How to Reduce Your Forecasting Error by 35%
This article presents a clear step-by-step approach to reducing your forecasting by up to 35%: collect and clean your data, use machine learning, and enrich your forecasts using the forecast value added framework.
Poor forecasts result in excess inventory, obsolete products, inappropriate long-term capacity planning, supplier tensions, shortages, and emergency expeditions. In short, they harm profitability, frustrate your teams, and waste resources. On the other hand, accurate forecasts will allow you to produce more effectively the required products, ship them on time where they are needed, improve long-term supply planning, and increase your service levels while reducing your inventory levels.
Thanks to our experience creating models, training, and coaching professionals, we could boil down our technique to improve forecasting accuracy into three main steps, as highlighted in the figure below.
Step 1: Data Collection
This first step focuses on data collection and cleaning. It is often overlooked as it is not the sexiest, but it is the required foundation for your forecast-improvement project. Without proper execution of this crucial step, there is no hope that you can succeed with your overall objective.

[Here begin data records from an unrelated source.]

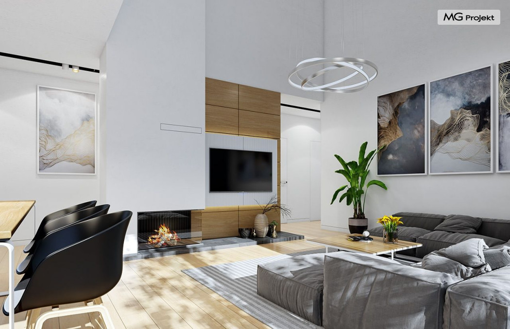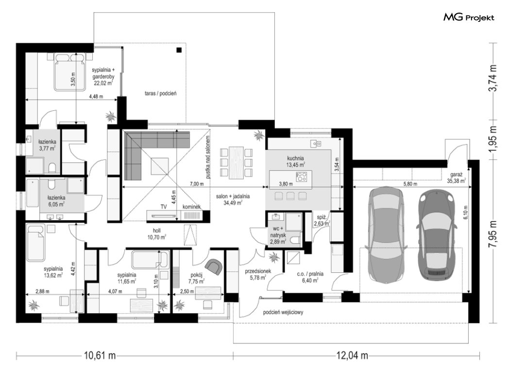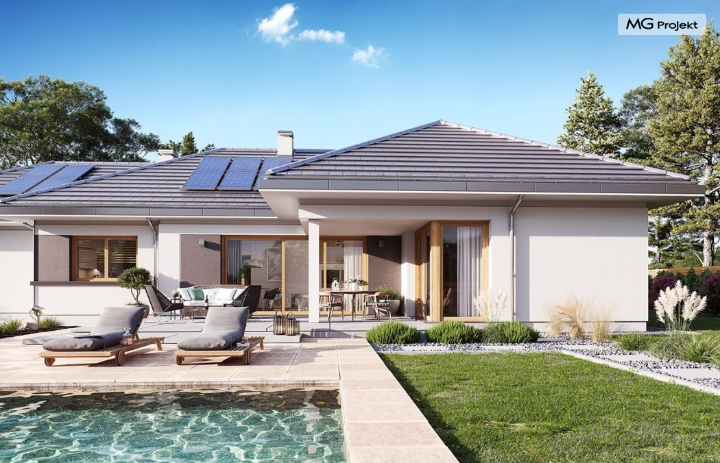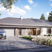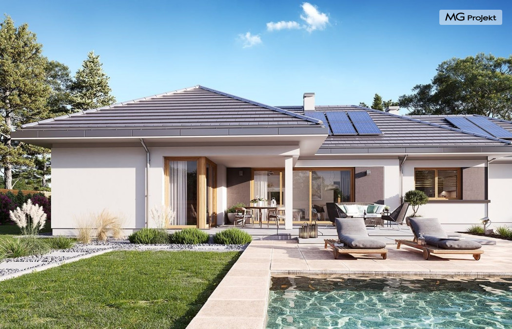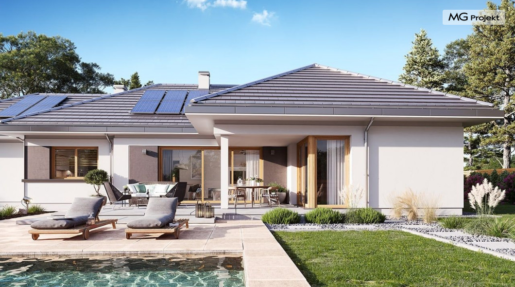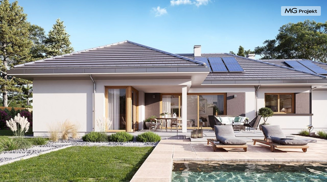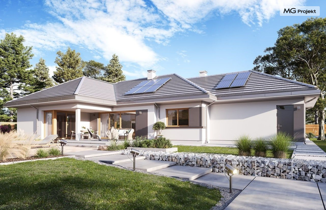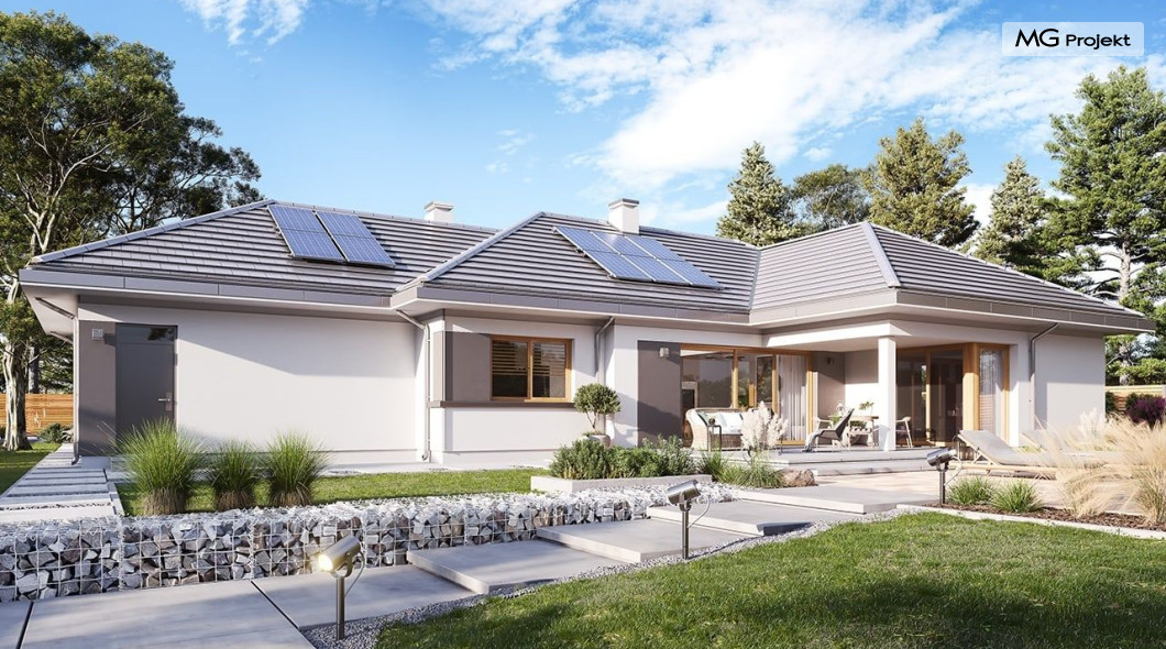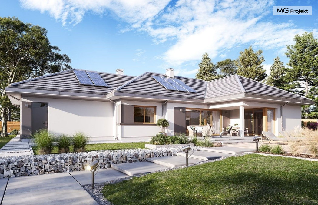 Projekt domu Dom na szerokiej 3 jest to projektu domu jednorodzinnego z serii „Dom na Szerokiej”. Budynek zaprojektowano jako urozmaiconą wersję wariantową projektów z tej serii, z tylną fasadą ogrodową w układzie litery L dającej poczucie przytulności i intymności na tarasie. Dom ma prostokątną podłużną bryłę, przykrytą czterospadowym dachem z dobudówkami. Bryła domu zbudowana jest na planie L, z szerszym ramieniem w elewacji frontowej.Budynek przeznaczony jest na płytką działkę, z niewielką głębokością między drogą a tyłem parceli, lub na działkę z ogrodem z boku domu ( wówczas sytuowany jest bokiem do drogi dojazdowej ). To typowy parterowy dom w stylu bungalow. Architektura budynku jest ciekawa, ale też stonowana - łączy w sobie nowoczesne detale i materiały, z tradycyjną sylwetką parterówki przykrytej wielospadowym dachem pokrytym dachówką. Szerokie reprezentacyjne wejście do domu z pięknymi drzwiami wejściowymi z naświetlem, Piękne narożne szklane okno pokoju- gabinetu, oraz duży podcień nad wejściem i wjazdem do garażu współtworzą atrakcyjny front domu. Od strony elewacji ogrodowej zaprojektowano duże przeszklenia z salonu i sypialni rodziców na taras i wygodny podcień. Detale wykończeniowe, materiały i kolory dobrano tak, aby stanowiły harmonijną całość. Wnętrze zaprojektowano dzieląc je na trzy części : część dzienną – z salonem, nocną z sypialniami i gospodarczą – z garażem i kotłownią. Do domu wchodzimy szerokimi drzwiami do obszernego przedsionka z szafami, albo z garażu - do przedsionka lub - przez spiżarnię – bezpośrednio do kuchni. Pokój dzienny połączony z jadalnią, kuchnią i holem stanowią komfortową przestrzeń dla domowników. Otwarcie przestrzenne nad częścią salonu podnoszące wysokość salonu aż do dachu powiększa dodatkowo wnętrze. Kuchnia z wyspą, jadalnia i salon zorganizowane są wokół centralnej ściany kominkowo – telewizyjnej oddzielającej salon od korytarza prowadzącego do sypialni. W części nocnej mamy cztery pokoje – trzy sypialnie oraz dodatkowy pokój ( gabinet lub zapasową sypialnię ). Do dyspozycji domowników są dwie łazienki. Sypialnia rodziców ma dwie duże ściany w zabudowie szafowej, oraz garderobę. Z sypialni master zaprojektowano wyjście na taras narożnym oknem balkonowym. Całość domu zamykają wygodny dwustanowiskowy garaż, oraz strych nad parterem, do wykorzystania na domowy magazyn - graciarnię, dostępny z parteru za pomocą schodków drabinkowych. Konstrukcja domu jest bardzo prosta : ściany parteru do wysokości wieńca + konstrukcja stropu nad parterem i więźby dachowej w postaci układu prefabrykowanych wiązarów drewnianych. Takie rozwiązanie znacznie przyspiesza budowę, upraszcza ją i obniża koszt realizacji domu. W projekcie zastosowano bardzo dobre izolacje, nowoczesne materiały i instalacje, dzięki czemu budynek będzie tani w późniejszej eksploatacji. Dom na Szerokiej 3 to świetna propozycja dla Inwestorów pragnących nowoczesnego, komfortowego parterowego domu o ciekawej urozmaiconej architekturze. Zapraszamy !
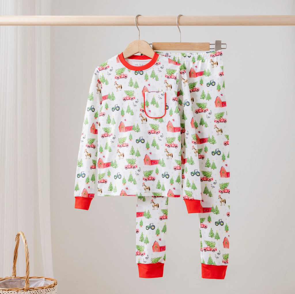 Bring the charm of a snowy pine forest to bedtime with these pajamas! Featuring a festive, rustic all-over Christmas tree farm print, these cozy, breathable pajamas are perfect for little ones ready to drift off among twinkling evergreens.
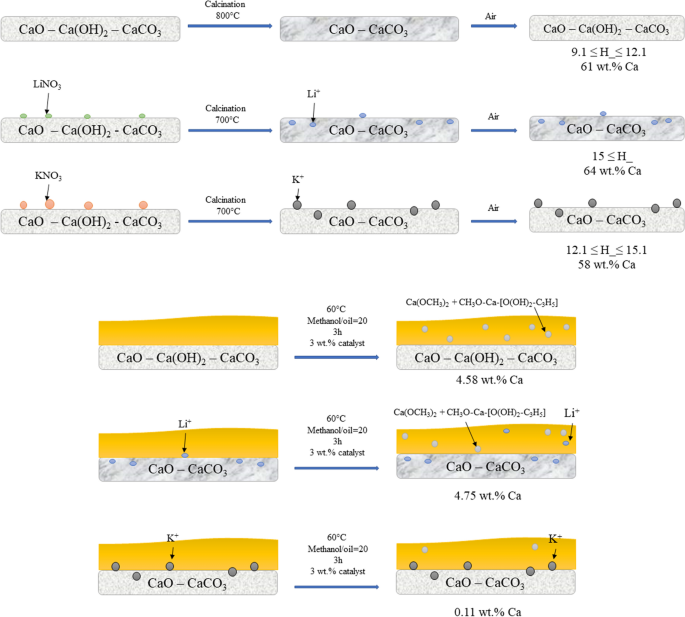 CaO-supported Li and K catalysts were studied for transesterification reactions. The CaO was obtained from calcined commercial limestone. The catalysts were impregnated with LiNO3 and KNO3, reaching a loading of 3 wt.% of alkali metal. The synthesized catalysts were characterized by thermogravimetric analysis, X-ray diffraction, and Hammett indicators. The catalytic transesterification evaluations of tributyrin, triestearin, and triolein with methanol were carried out with methanol/triglyceride molar ratio of 20:1 and 3 wt.% of catalyst at 60 °C for one hour. It was found that the strength of the alkaline sites increased when alkali metal was added to the support since these metals prevented the formation of Ca(OH)2. The Li/CaO catalyst presented higher basic strength and higher catalytic activity. It was observed that short-chain triglycerides were found to be more reactive than long-chain and unsaturated ones; likewise, saturated chain triglycerides are more reactive than unsaturated ones due to fewer interactions with the active sites. Finally, potassium avoided the lixiviation of the catalysts to the liquid phase.
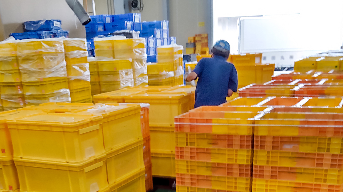 洗浄済の通箱をパレットに積み上げるまでの作業を行っています。
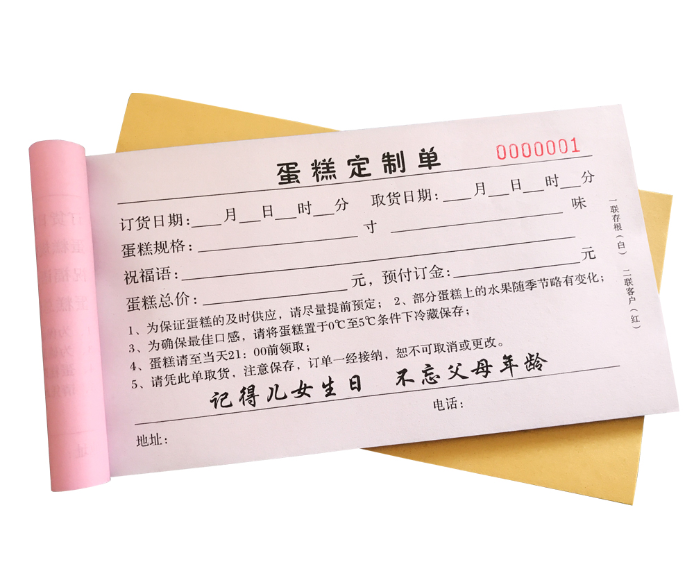 Cake order single bakery receipt bakery order collection receipt carbon-free self-contained copy two-way sales order
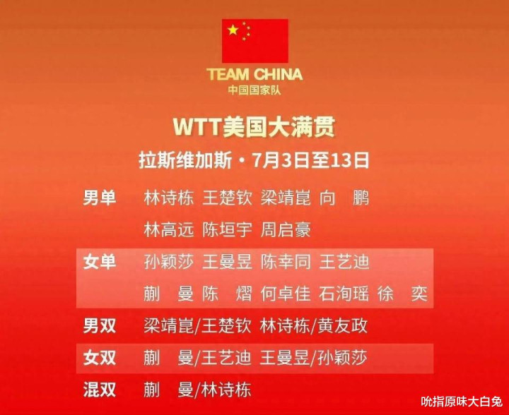 接下来WTT美国大满贯赛来了,7月3日到13日,其中正赛从7月6日开始。WTT美国赛时间表出炉,球迷喜忧参半,喜的是终于能看到国乒主力的比赛了,孙颖莎、王楚钦、王曼昱、林诗栋等人能取得什么成绩,备受关注。忧的是因为时差的原因,不少比赛需要熬夜,凌晨3点多有不少比赛,好在早上9点也有不少比赛。
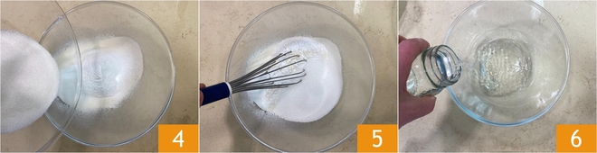 Adicione também o açúcar granulado 4, então misture bem todos os ingredientes secos com um batedor de arame para distribuí-los de forma uniforme. Neste ponto, dedique-se aos ingredientes líquidos: pegue uma segunda tigela e acrescente a água em temperatura ambiente 6.
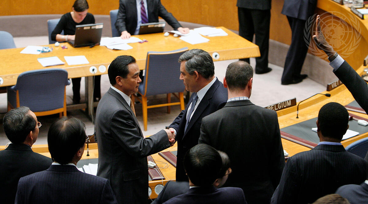 Wang Yi (third from left), Vice Minister for Foreign Affairs of the People's Republic of China (third from left), shakes hands with Gordon Brown, Prime Minister of the United Kingdom of Great Britain and Northern Ireland, prior to the Security Council high-level debate on peace and security in Africa.
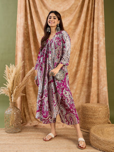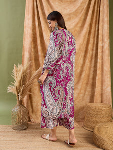 Deep hues meet timeless design in the Wine Brown Paisley V Neck Kurta Set. Ideal for formal gatherings, this piece brings richness and flow to any occasion.
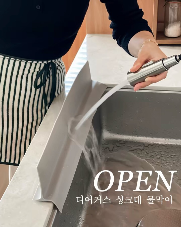 💛디어커스 싱크대 물막이 공구예고 설거지 할때마다 워터파크 개장...😅 처마형 구조로 물튈 걱정없는 디어커스 싱크대 물막이! 스탠다스 사이즈도 함께 공구 준비했어요✨ 한옥 처마 구조에서 아이디어를 얻어 물이 자연스럽게 안쪽으로 흘러가도록 설계된 물막이에요 그래서 물이 고이지 않고 물때도 덜 생기는 구조라 사용하면서 훨씬 깔끔한 느낌이에요✨ 설거지할 때 앞으로 튀는 물을 막아줘서 옷 젖는 불편함도 줄어들고 싱크대 앞 바닥이 물바다가 되는 것도 확실히 줄어들더라구요 흡착판 구조도 탄탄해서 사용하다 보면 쉽게 떨어지지 않는 점도 만족스러운 부분이고요💚 항균 실리콘 소재라 위생적으로 사용할 수 있고 열탕 소독이나 식기세척기 사용도 가능해서 관리도 편한 편이에요 스탠다드 사이즈도 추가돼서 싱크대에 맞게 선택하기도 더 편해졌어요 곧 오픈할게요😎 🔔빠른구매 원하시면 흔적 남겨주세요 좋아요❤️로 알림 드릴게요 :)
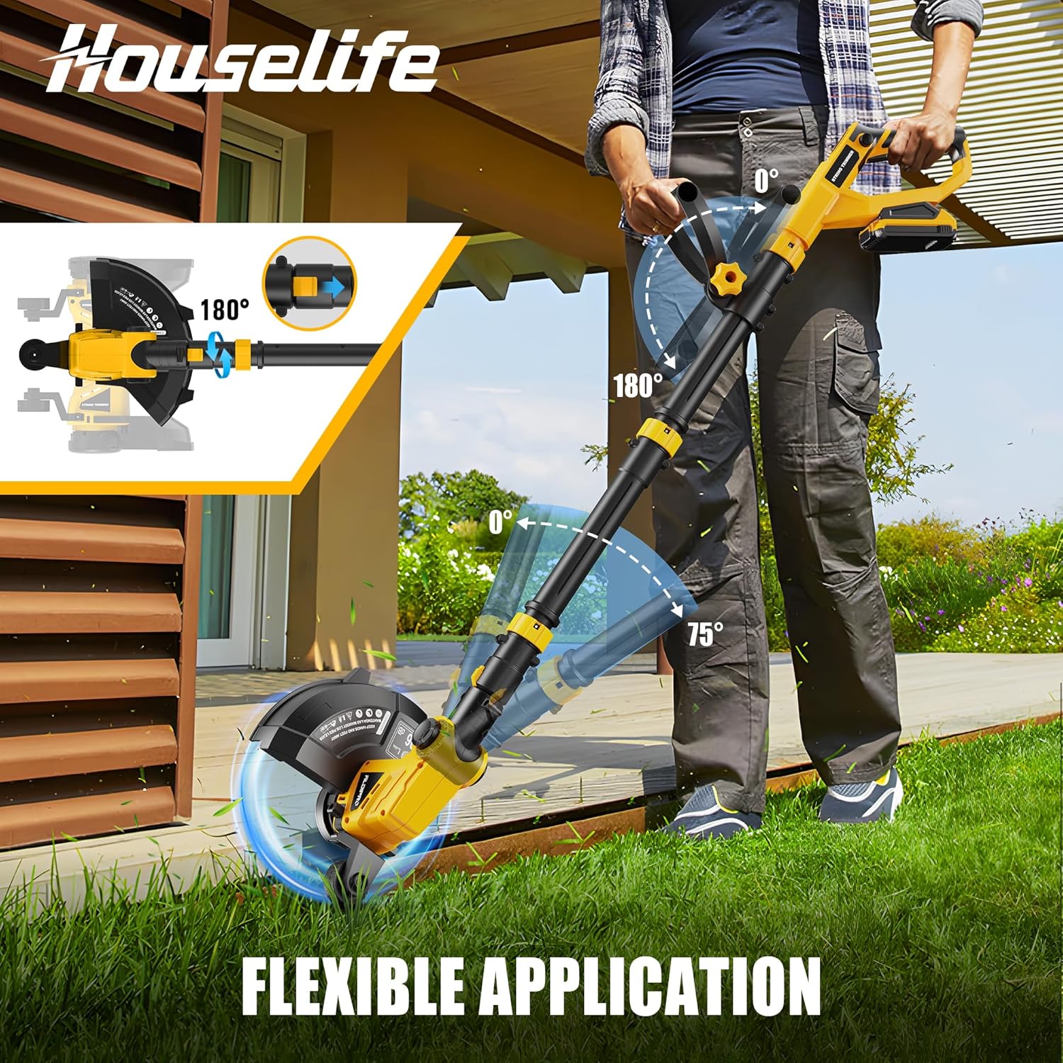 - Cordless String Trimmer: This cordless weed trimmer 20v features an 8500 RPM copper motor for powerful, quiet performance. Its adjustable handle, cutting angle, and rotatable pole adapt to any task, while the automatic line feed ensures uninterrupted trimming. With 3-in-1 functionality (trimmer, edger, mower), it handles diverse gardening needs. The detachable design saves space and allows height customization for comfort. Ideal for efficient, versatile lawn care
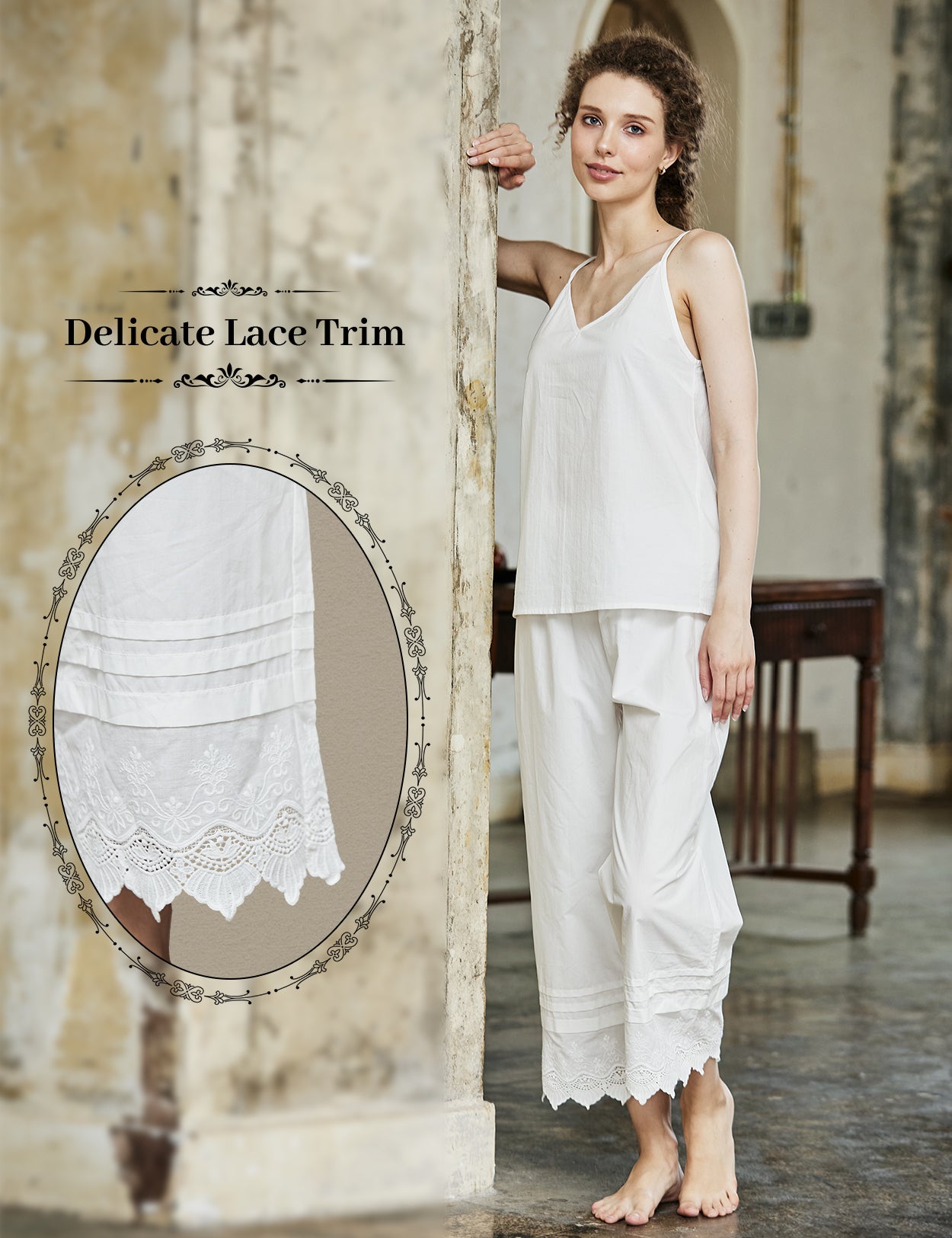 Culotte en coton à bordure de dentelle victorienne pour femme | Vêtements de nuit
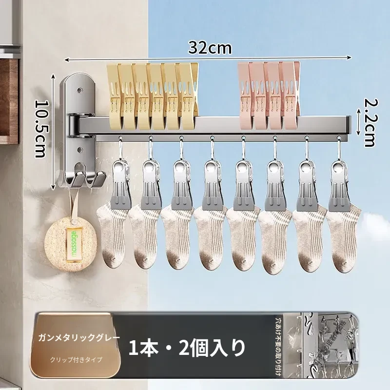 2個セット-ガン灰⭐【8クリップ】シングルポール⭐折りたたみ靴下ラック

The most critical piece of data to collect is historical unconstrained demand. Unfortunately, most supply chains are tracking constrained sales instead. (See this article for more information about the difference between the two.) The easiest way to unconstraint your sales is to track historical inventory levels and censor periods with shortages in your forecasting engine. (Some statistical models can do that, but, unfortunately, most software vendors do not include this feature.)
Note that to grasp the impact of shortages fully, you should forecast weekly or daily demand.